Newton Oil Mill v. Spencer

77 So. 605 | Miss. | 1917

Lead Opinion

Ethridge, J.,

delivered the opinion of the court.

Alonzo Spencer sued the Newton Oil Mill for personal injuries received by falling through a trapdoor in a platform of the plant of the Newton Oil Mill, alleging that the said trapdoor was attached to the floor of the platform by means of iron hinges which were old, rusty, rotten, defective, and unsafe, ■ and that when the plaintiff walked over the said door the hinges broke, causing the door to fly up, striking the plaintiff in the stomach, and bruising and injuring him; that the plaintiff had no knowledge of the defect in the door; that it was dangerous and in a bad state of repair, and was known to the defendant, but unknown to the plaintiff, at the time of the accident; and, further, that it was negligence in having in a floor a trapdoor in a rotten, unsafe, and in a dangerous condition.
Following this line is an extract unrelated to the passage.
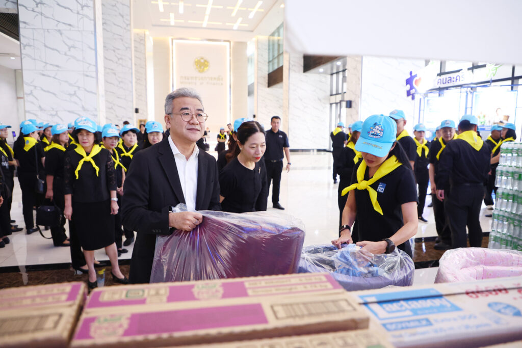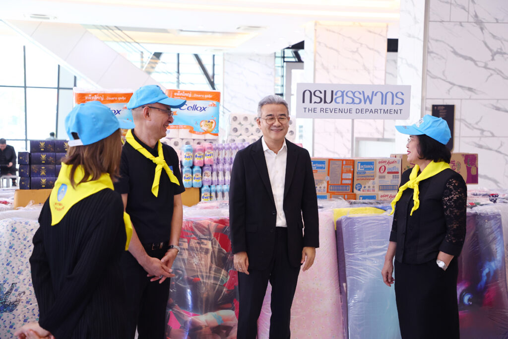 นายอรรถพล อรรถวรเดช รองปลัดกระทรวงการคลัง ปฏิบัติหน้าที่ด้านบริหาร พร้อมด้วยนางสาวอมรรัตน์ จารุรัตน์ ผู้ช่วยปลัดกระทรวง รับมอบเครื่องอุปโภคบริโภค และสิ่งของจำเป็น จาก ดร.กุลยา ตันติเตมิท อธิบดีกรมสรรพากร และเจ้าหน้าที่กรมสรรพากร เพื่อร่วมกิจกรรมจิตอาสาบำเพ็ญสาธารณประโยชน์และบำเพ็ญสาธารณกุศล เนื่องในวันคล้ายวันพระบรมราชสมภพ พระบาทสมเด็จพระบรมชนกาธิเบศร มหาภูมิพลอดุลยเดชมหาราช บรมนาถบพิตร วันชาติ และวันพ่อแห่งชาติ 5 ธันวาคม 2568 โดยบริจาคสิ่งของดังกล่าว เพื่อนำไปช่วยเหลือบรรเทาความเดือดร้อนอย่างเร่งด่วนให้กับประชาชนที่ได้รับผลกระทบจากอุทกภัยในพื้นที่ภาคใต้ ผ่าน “ศูนย์อำนวยการช่วยเหลือเครือข่ายวายุภักษ์” ณ บริเวณโถงชั้น 1 อาคาร 150 ปี กระทรวงการคลัง เมื่อวันที่ 11 ธันวาคม 2568

The defendant pleaded the general issue, and gave notice that it would offer to prove under the general issue on the trial that the plaintiff had been warned that the door in question was not securely fastened and cautioned not to step upon it, and that he (plaintiff) deliberately did so and caused his own injury, if any he sustained.

The testimony for the plaintiff shows that the trapdoor was situated in the floor of the platform fastened by hinges and had become in a dangerous and unsafe condition, and that while engaged in the service of the defendant, and while carrying a scantling for the purpose of prying up a boiler on the sidetrack to be unloaded upon the platform, he stepped upon the trapdoor, fell, and was injured, and that he had not been told of the trapdoor- or of its dangerous condition by any person. The testimony for the defendant defended upon *572the theory that the plaintiff had been specially cautioned as to the unsafe condition of the -trapdoor, and cautioned not to get upon it, the foreman of the defendant stating that he so told the plaintiff, and that he called to another employee just before the accident to bring a hammer and .nails for the purpose of fixing the trapdoor; that he had stepped upon it, and had seen its dangerous condition, and was preparing to repair it; and that the defendant had just recently acquired the property, and was doing general repairs upon the property at the time. The plaintiff testified that he was confined to his home abóut four weeks, and that he was permanently injured, and was unable to do heavy work any more. He introduced Dr. Monroe, who had examined him some four weeks after the injury as to the bruise which he received. The defendant sought to introduce Dr. Cooper, who attended plaintiff after he was injured, but the plaintiff objected to Dr. Cooper’s testifying, and his testimony 'Was- excluded.

The appellant assigns for error the exclusion of the evidence of Dr. Cooper, and the giving of instructions Nos. 1 and 2 for the plaintiff. Instruction No. 1 is as follows:

“You are instructed that the trapdoor in the floor of the platform, through which plaintiff fell, was inherently dangerous; and if you believe from the evidence that the plaintiff did not know of its being dangerous, then you must find for the plaintiff.”

If there was a question as to whether or not the door was safe at the time of the injury, this instruction would be error; but the defendant admitted the dangerous condition of the door, and based its defense upon the theory that the plaintiff was cautioned not.to get upon it. So, telling the jury that the door was inherently dangerous did not constitute error in this case.

The second instruction is as follows:

“You are instructed that it is the duty of the defendant to prove by a preponderance of the evidence that *573the plaintiff had notice of the dangerous condition of the .trapdoor through which he fell.”

This instruction merely tells the jury that the burden is upon’the defendant as to contributory negligence; the defense being specially pleaded that the injury was caused by plaintiff going upon the door with knowledge of its dangerous condition, after having been cautioned not to do so by the dafendant. There is no dispute about the fact that the plaintiff fell and was injured, and this instruction was not prejudicial to the defendant’s rights.

With reference to the testimony of Dr. Cooper,- this question has been settled adversely to the contention of appellant in the case of Yazoo, etc., R. Co. v. Messina, 109 Miss. 143, 67 So. 963.

The judgment is therefore affirmed.

Affirmed.






Concurrence Opinion

Stevens, J.

(specially concurring). I concur in the result reached by the court in this case.